Disminuyen los víveres de un modo espantoso durante esa inesperada travesía, y aumenta la estrechez. Lo que diariamente reparte el jefe de la despensa entre los tripulantes, más bien puede llamarse basura que comida. Se ha agotado el vino, que refrigeraba un poco los labios y el ánimo. El agua dulce, cocida por el sol implacable, puesta en odres y en toneles sucios, despide tal pestilencia que los infelices han de taparse la nariz mientras humedecen la garganta con el único sorbo diario que les dan medido. La galleta de barco, que con los peces pescados por ellos mismos es su único alimento, hace tiempo se ha convertido en un polvo gris y sucio lleno de gusanos y de excrementos de ratas, las cuales, enloquecidas también, se han precipitado sobre los últimos restos miserables de la alimentación humana. Tanto más, por consiguiente, son apetecidos los repugnantes animales, cuya persecución por todos los rincones no conduce solamente a suprimirlos, sino también a procurarse con su muerte un requisito culinario; medio ducado de oro es la recompensa del experto cazador que coja uno de esos chillones animales, y el feliz comprador se traga el repugnante asado con verdadera fruición. Para engañar al estómago, que suele retorcerse en dolorosos espasmos; para acallar de algún modo, por ficticio que sea, el hambre devoradora, la tripulación inventa engaños cada vez más peligrosos: mezclan una pasta hecha de serrín con los desperdicios de la galleta de barco, a fin de aumentar aparentemente la miserable ración. Llega a tal punto la necesidad, que se realizan las palabras proféticas de Magallanes de que llegarían a comer el cuero de las vergas del barco; hallamos en Pigafetta una descripción del recurso a que acudieron, desesperados, los hambrientos, haciendo comestible lo que no lo era: "Llegamos al extremo de comer, para no morir de hambre, los pedazos de cuero con que estaba recubierto el palo mayor para evitar que el cable se deshilara. Expuestos a la lluvia, al sol y al viento durante años, aquellos pedazos de cuero eran tan duros que teníamos que sumergirlos en el mar durante cuatro o cinco días para ablandarlos un poco. Los poníamos entonces sobre la lumbre, y luego los engullíamos”.

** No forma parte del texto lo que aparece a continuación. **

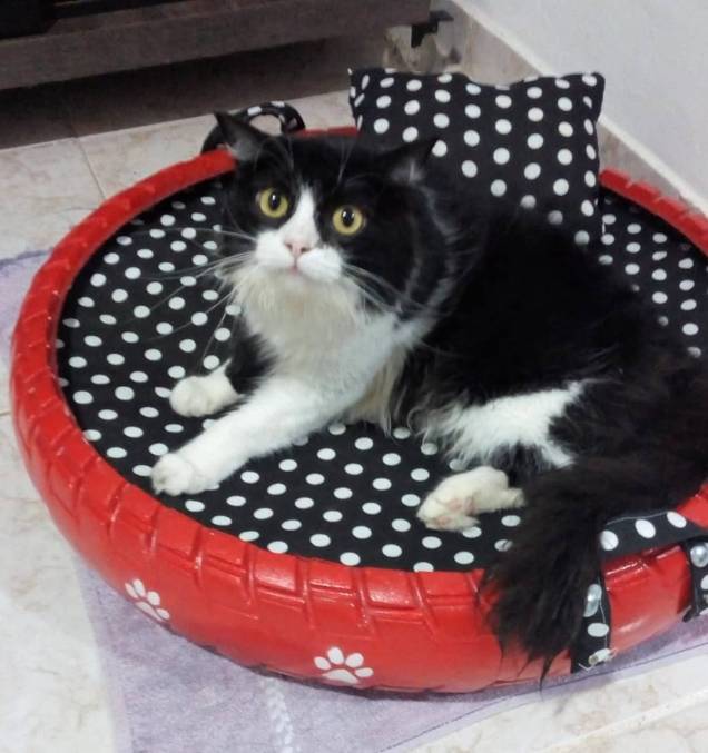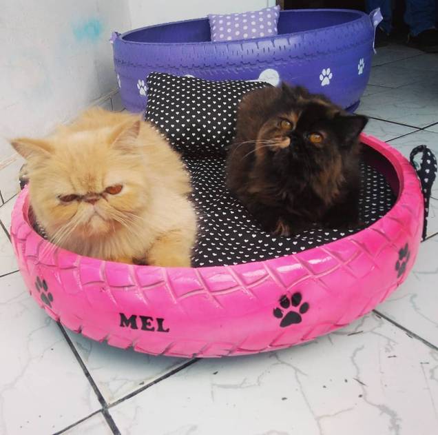 Artista recolhe pneus descartados e cria lindas camas para animais
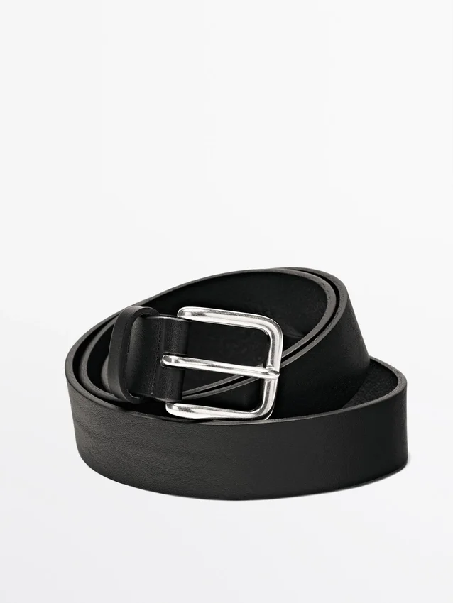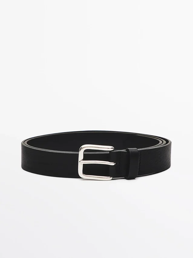 Cintura in pelle di vacchetta con finitura nappa. Larghezza 3 cm. Fibbia quadrata in metallo.
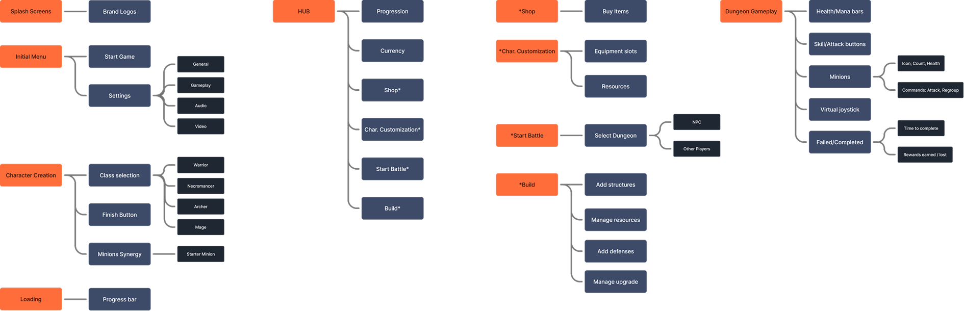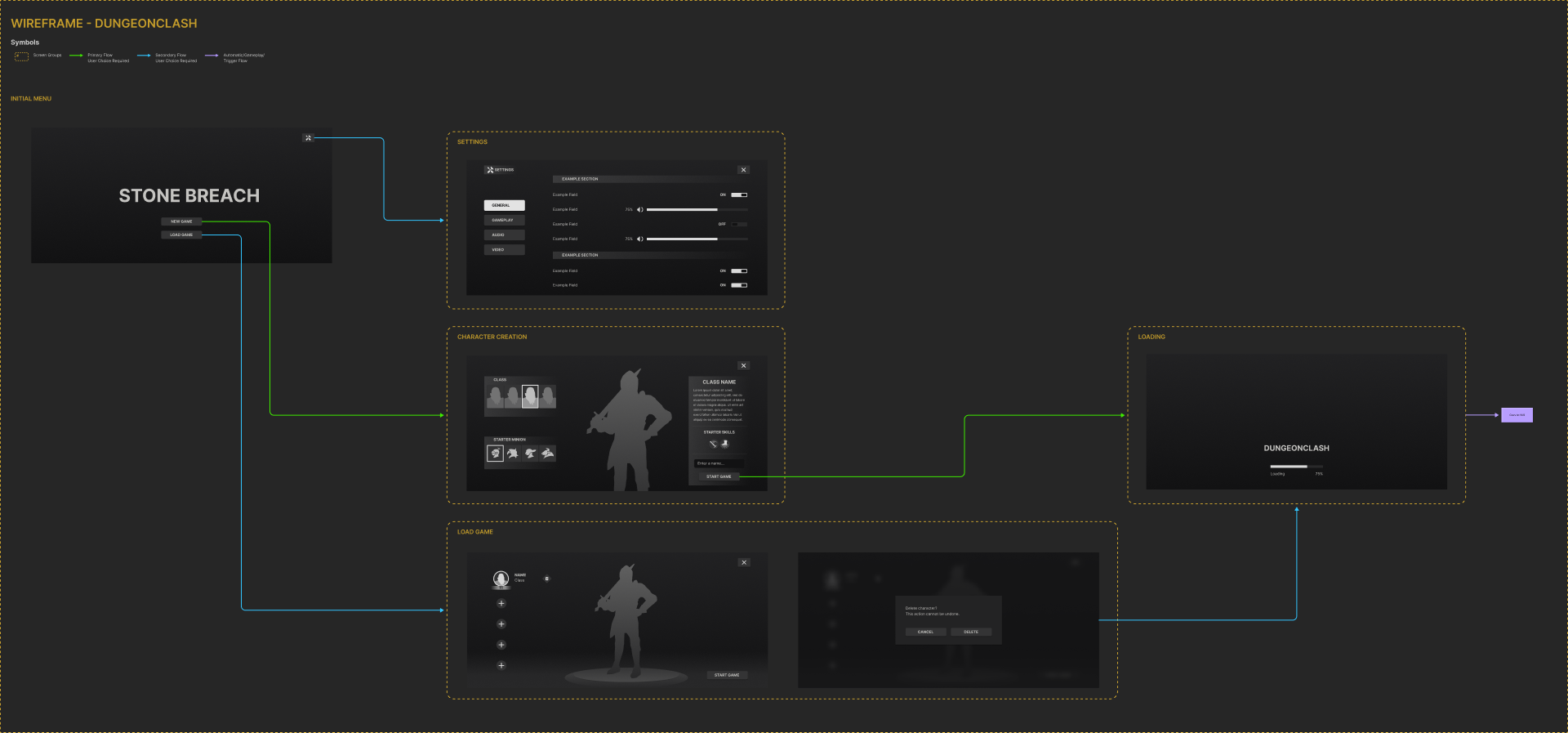 The following wireframes outline the primary game flows and core user journeys, detailing the navigation and interaction logic across the experience.
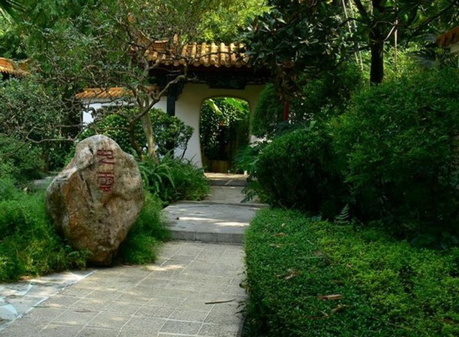由于園址不大,若敞露公園界墻,就暴露了公園的狹小空間。為了化有限為無限,采用茂林修竹,適當地補以回廊阻隔,把公園界墻全部隱藏。再通過園內綠叢與園外行道樹的互相交融在一起,把游人視線引向無限遠的地方,達到小園變成無限景域。——擴大園林空間。
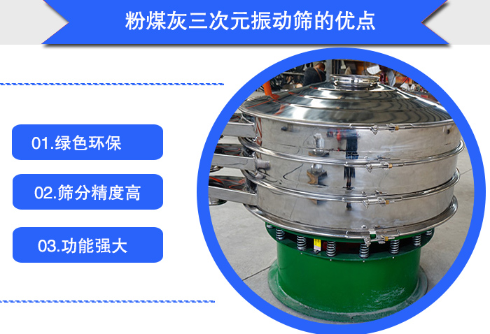大漢機械技術部根據粉煤灰是粉末狀物料,容易產生揚塵,所以推薦使用三次元振動篩進行篩分。
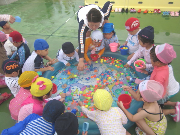今日は、大きいプールとビニールプールを年長組みんなでローテーションしながら遊びました。
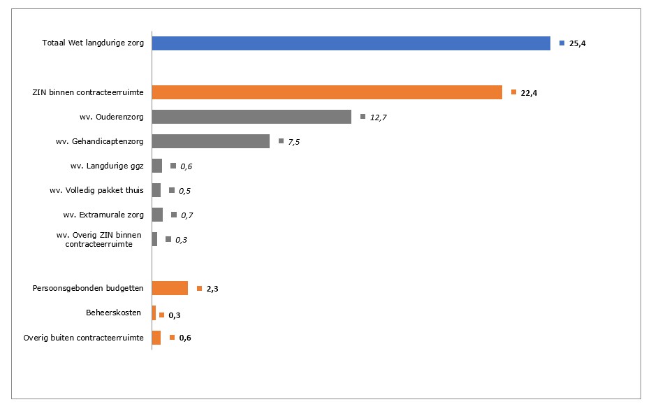 Bij de Wlz zijn onder de post overige buiten contracteerruimte opgenomen de sectoren; bovenbudgettaire vergoedingen, tandheelkunde Wlz, instellingen voor medisch-specialistische zorg Wlz, transitiekosten bedrijfsvoering verpleeghuiszorg, ADL, extramurale behandeling, zorginfrastructuur, innovatie en beschikbaarheidbijdrage opleidingen Wlz.

No es maravilla que aun los más resistentes entre aquellos hombres de acero acostumbrados a las penalidades no pudieran tolerar semejante nutrición por algún tiempo. A consecuencia de la falta de víveres frescos -hoy diríamos "vitaminosos"- se presenta el escorbuto. Las encías de los atacados empiezan a hincharse y luego se corrompen; y los dientes oscilan hasta desprenderse, se forman tumores en la boca y, por fin, el paladar se hincha y duele de tal manera que, aun cuando tuvieran alimentos, los desgraciados no estarían ya en estado de tragarlos, hasta que sucumben. También a los supervivientes les quita el hambre las últimas energías. Con las piernas lastimadas o estropeadas, andan a duras penas, apoyados en bastones, o se acurrucan en cualquier rincón. No menos de diecinueve, o sea casi un décimo de la tripulación, perecen en este cortejo del hambre, en medio de horribles sufrimientos… Cada día del interminable viaje disminuye el número de los marineros todavía aptos para el trabajo, y atinadamente acentúa Pigafetta que, en tal estado de decaimiento de sus tripulantes, los tres barcos no hubieran podido hacer frente a la menor tempestad
"Si Dios y su bendita Madre no nos hubiesen concedido tan buen tiempo hubiéramos perecido todos de hambre en aquel mar inmenso”.
Tres meses y veinte días anda en total la solitaria caravana de los tres barcos a través del infinito desierto liquido, soportando todos los sufrimientos imaginables, hasta el más terrible: el de perder la esperanza. Porque, así como en el desierto los sedientos creen de pronto descubrir un oasis (las palmas meciéndose, las sombras frescas y azules invitándoles en medio de la luz inclemente que deslumbra hace días) y ya creen oír el chorro de la fuente, pero apenas dan unos pasos vacilantes, con sus últimas energías, desparece de súbito la placentera visión y el desierto se extiende de nuevo ante ellos, más hostil que antes asimismo son víctimas de un espejismo los hombres de Magallanes. Una mañana parte de la cofa un ronco clamor. Es que un marino ha visto tierra, tierra por primera vez desde hace tiempo. Una isla. Como locos se precipitan los hambrientos, los sedientos, a cubierta, y hasta los enfermos, que estaban echados en el suelo como guiñapos, se arrastran para ver. Sí; se acercan a una isla. ¡Pronto, vengan los botes! Los sentidos, sobreexcitados, ven ya manar las fuentes, y sueñan con el agua y el reparo a la sombra de los árboles, y saborean, tras tantas semanas de rodeos, el placer de pisar tierra firme y no las eternas tablas vacilantes sobre la vacilante onda. ¡Miserable engaño! Al llegar más cerca, ven que la isla, y otra más allá, que, en su exasperación, las denominan islas Desventuradas, son tierras de rocas inhabitadas e inhabitables, un yermo sin hombres ni bestias, sin fuentes, sin frutos. Sería tiempo perdido un solo día que se detuvieran en medio de aquellas rocas inhóspitas. Sigue el viaje a través del desierto azul, más y más lejos, durante días y semanas: el viaje marítimo tal vez más terrible y lleno de privaciones que registra la eterna crónica del dolor humano y de la humana capacidad de sufrimientos que llamamos Historia.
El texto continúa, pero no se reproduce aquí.